• **PROVIDED DATA**:

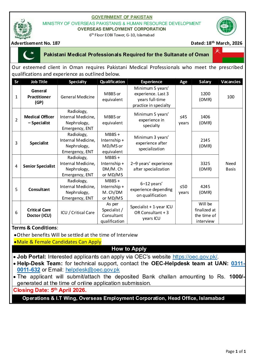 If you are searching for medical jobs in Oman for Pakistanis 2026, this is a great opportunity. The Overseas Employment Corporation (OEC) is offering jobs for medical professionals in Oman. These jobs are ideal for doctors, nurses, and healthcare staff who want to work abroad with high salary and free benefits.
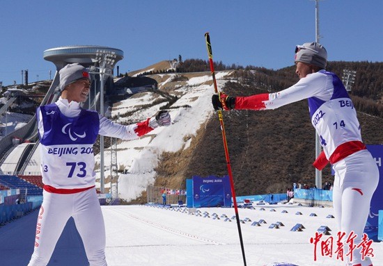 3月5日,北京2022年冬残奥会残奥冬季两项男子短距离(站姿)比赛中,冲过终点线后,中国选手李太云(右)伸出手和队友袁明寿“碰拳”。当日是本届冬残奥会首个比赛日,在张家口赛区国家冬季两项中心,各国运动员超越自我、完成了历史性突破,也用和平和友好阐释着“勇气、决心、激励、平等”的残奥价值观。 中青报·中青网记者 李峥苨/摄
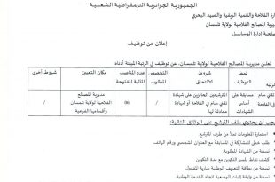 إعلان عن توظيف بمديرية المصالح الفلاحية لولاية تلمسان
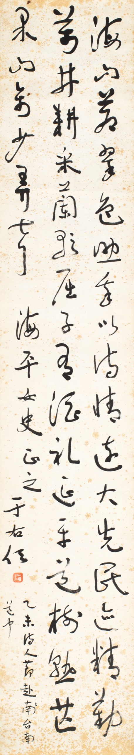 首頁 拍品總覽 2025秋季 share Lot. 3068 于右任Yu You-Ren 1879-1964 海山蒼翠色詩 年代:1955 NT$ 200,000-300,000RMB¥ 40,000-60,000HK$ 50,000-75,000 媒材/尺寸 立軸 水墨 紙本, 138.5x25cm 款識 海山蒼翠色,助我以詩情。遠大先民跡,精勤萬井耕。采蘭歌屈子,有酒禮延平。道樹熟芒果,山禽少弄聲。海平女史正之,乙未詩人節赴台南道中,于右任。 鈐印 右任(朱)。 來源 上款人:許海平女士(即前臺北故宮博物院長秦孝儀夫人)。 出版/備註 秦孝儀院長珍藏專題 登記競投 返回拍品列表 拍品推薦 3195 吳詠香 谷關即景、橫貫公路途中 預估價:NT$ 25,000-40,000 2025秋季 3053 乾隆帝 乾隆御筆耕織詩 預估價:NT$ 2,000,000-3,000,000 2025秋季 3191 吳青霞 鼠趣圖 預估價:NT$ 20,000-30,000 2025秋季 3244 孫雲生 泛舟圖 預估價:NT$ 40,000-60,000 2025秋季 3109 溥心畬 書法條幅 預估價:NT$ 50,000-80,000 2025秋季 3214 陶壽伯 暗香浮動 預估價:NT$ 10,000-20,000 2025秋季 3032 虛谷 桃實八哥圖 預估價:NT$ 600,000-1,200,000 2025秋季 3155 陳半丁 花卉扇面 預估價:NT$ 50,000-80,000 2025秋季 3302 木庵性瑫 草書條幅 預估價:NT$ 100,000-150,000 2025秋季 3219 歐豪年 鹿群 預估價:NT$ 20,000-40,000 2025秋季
==
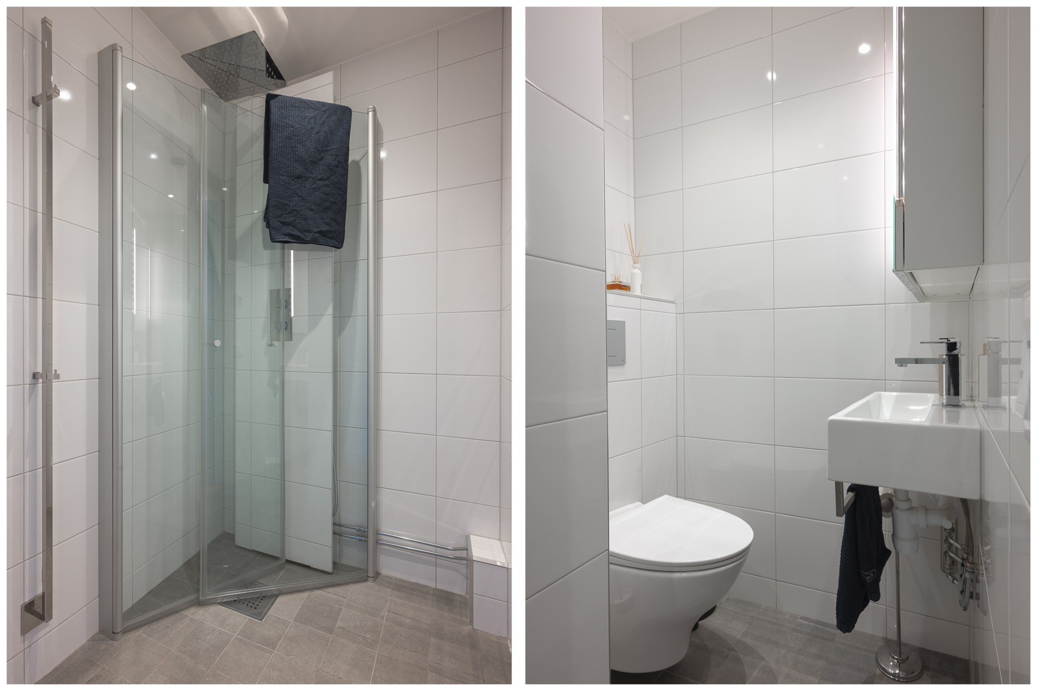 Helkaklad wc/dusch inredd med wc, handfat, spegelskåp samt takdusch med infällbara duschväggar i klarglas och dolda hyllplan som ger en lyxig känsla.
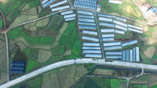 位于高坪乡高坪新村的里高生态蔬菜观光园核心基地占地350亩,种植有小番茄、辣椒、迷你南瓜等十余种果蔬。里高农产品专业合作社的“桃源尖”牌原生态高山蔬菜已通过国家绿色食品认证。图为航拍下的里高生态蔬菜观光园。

• **EXERCISE BRIEF**:
Look through the listing above for the line with "If you are searching" and the line with "首頁 拍品總覽 2025秋季". Write out exactly those lines and everything between, leaving out pictures.

• **SOLVED PROBLEM**:
 If you are searching for medical jobs in Oman for Pakistanis 2026, this is a great opportunity. The Overseas Employment Corporation (OEC) is offering jobs for medical professionals in Oman. These jobs are ideal for doctors, nurses, and healthcare staff who want to work abroad with high salary and free benefits.
 3月5日,北京2022年冬残奥会残奥冬季两项男子短距离(站姿)比赛中,冲过终点线后,中国选手李太云(右)伸出手和队友袁明寿“碰拳”。当日是本届冬残奥会首个比赛日,在张家口赛区国家冬季两项中心,各国运动员超越自我、完成了历史性突破,也用和平和友好阐释着“勇气、决心、激励、平等”的残奥价值观。 中青报·中青网记者 李峥苨/摄
 إعلان عن توظيف بمديرية المصالح الفلاحية لولاية تلمسان
 首頁 拍品總覽 2025秋季 share Lot. 3068 于右任Yu You-Ren 1879-1964 海山蒼翠色詩 年代:1955 NT$ 200,000-300,000RMB¥ 40,000-60,000HK$ 50,000-75,000 媒材/尺寸 立軸 水墨 紙本, 138.5x25cm 款識 海山蒼翠色,助我以詩情。遠大先民跡,精勤萬井耕。采蘭歌屈子,有酒禮延平。道樹熟芒果,山禽少弄聲。海平女史正之,乙未詩人節赴台南道中,于右任。 鈐印 右任(朱)。 來源 上款人:許海平女士(即前臺北故宮博物院長秦孝儀夫人)。 出版/備註 秦孝儀院長珍藏專題 登記競投 返回拍品列表 拍品推薦 3195 吳詠香 谷關即景、橫貫公路途中 預估價:NT$ 25,000-40,000 2025秋季 3053 乾隆帝 乾隆御筆耕織詩 預估價:NT$ 2,000,000-3,000,000 2025秋季 3191 吳青霞 鼠趣圖 預估價:NT$ 20,000-30,000 2025秋季 3244 孫雲生 泛舟圖 預估價:NT$ 40,000-60,000 2025秋季 3109 溥心畬 書法條幅 預估價:NT$ 50,000-80,000 2025秋季 3214 陶壽伯 暗香浮動 預估價:NT$ 10,000-20,000 2025秋季 3032 虛谷 桃實八哥圖 預估價:NT$ 600,000-1,200,000 2025秋季 3155 陳半丁 花卉扇面 預估價:NT$ 50,000-80,000 2025秋季 3302 木庵性瑫 草書條幅 預估價:NT$ 100,000-150,000 2025秋季 3219 歐豪年 鹿群 預估價:NT$ 20,000-40,000 2025秋季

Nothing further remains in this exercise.